Atalarımız,
"Aslını inkar eden haramzadedir" demişler.
Atalarımızın zaten, uzun uzun cümlelerle anlatılamayacak hakikatleri tek cümlede anlatan, böyle nice güzel sözleri var.
Her insanın bir anne-babası, dolayısıyla bir kökü olduğu gibi, devletlerin de köklerine bakılır.
"Kök"ü, bağımsızlıkla beraber kullanırsak, bazı devletlerin çok köksüz oldukları görülür.
Bu manada, yakında bağımsızlığına kavuşabilmiş herhangi bir millet, kökü derinlerde olan bir devlete sahip değildir.
Biz ise, ulu bir çınar olan Osmanlı'nın torunları olarak, "Kökü mâzîde olan âtîyiz" diyebiliyoruz.
"Mâzî"nin geçmiş, "Âtî"nin de gelecek demek olduğu malum...
Bugün, Osmanlı'nın idaresi altındaki topraklarda kurulan bir çok devletlerse, kökü mâzîde olmayan devletlerdir.
Geçmişi taa eskilere dayanan devletleri, ulu bir çınara veya hurma ağacına benzetmek mümkün.
Çınarın kapladığı alan geniş olur.
Hurmanın ise, dalları toprak üzerinde ne kadar yukarıya yükselirse, kökü de o kadar toprak altına girermiş.
Osmanlı, hurma ve çınar gibi köklü ve geniş bir devletti.
***
Uğraşıyorlar uğraşıyorlar, Osmanlı bir türlü bitirilemiyor.
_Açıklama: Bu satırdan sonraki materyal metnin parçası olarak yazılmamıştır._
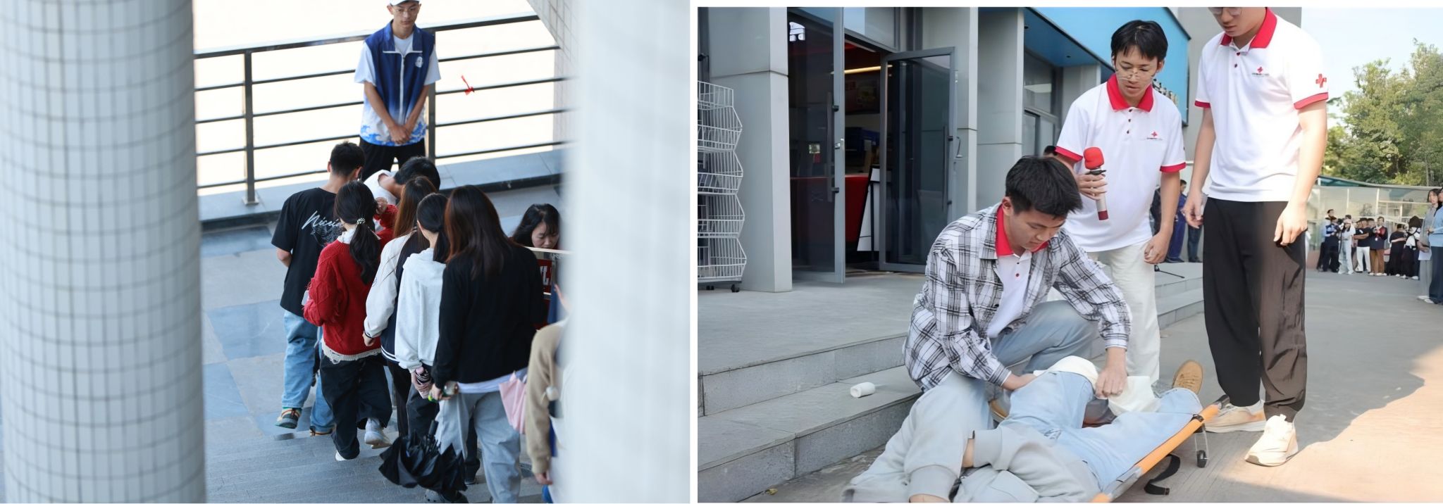 讲座结束后,模拟郑和堂突发火情开展疏散实战演练。现场工作人员立即发出警报并切断楼宇电源,疏散组成员在楼梯口、转角处引导师生,大家遵循“单排靠墙、弯腰疾走、捂住口鼻”的逃生原则,快速有序撤离至安全区域,各学院带队老师迅速清点人数并汇报。与此同时,应急救援组携带专业装备火速到场,开展灭火与搜救工作,成功将“伤员”转移至医务点,由校医、校红十字会人员开展应急救治。警戒组及时清理消防通道保障畅通,各环节衔接紧密、协同高效。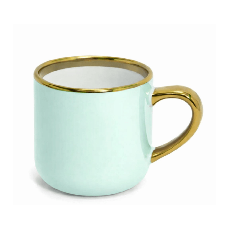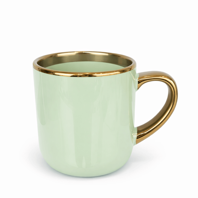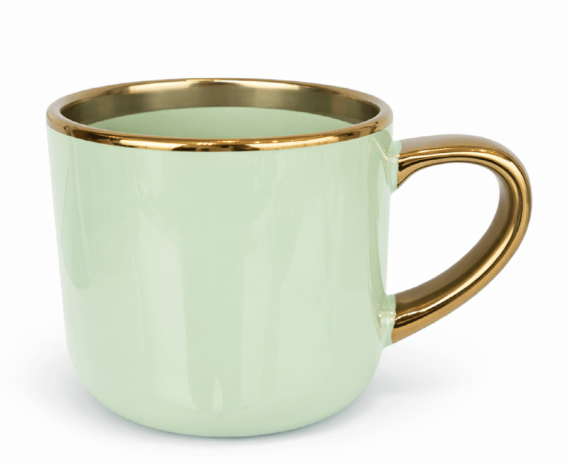 Caneca Imperial Cerâmica Verde para Sublimação com Alça e Borda Cromada Ouro – 400ml

Bugün bile hala dünyanın bazı yerlerinde, cumalarda 2. Abdülhamid Han adına hutbe okunması, Osmanlı'nın ne kadar ulu bir çınar olduğu gerçeğini ortaya koyar.
Köklülüğü de öyle...
Osmanlı'nın en zayıf olduğu son zamanlarda, bir paşamız İngiliz, Alman ve Fransız paşalarıyla boğazda bir kayık gezintisinde konuşmaktadırlar.
Konu, hangi devletin güçlü olduğu meselesine gelir.
Diğer paşaların her biri, en güçlü devletin kendi devletleri olduğunu iddia etmektedirler.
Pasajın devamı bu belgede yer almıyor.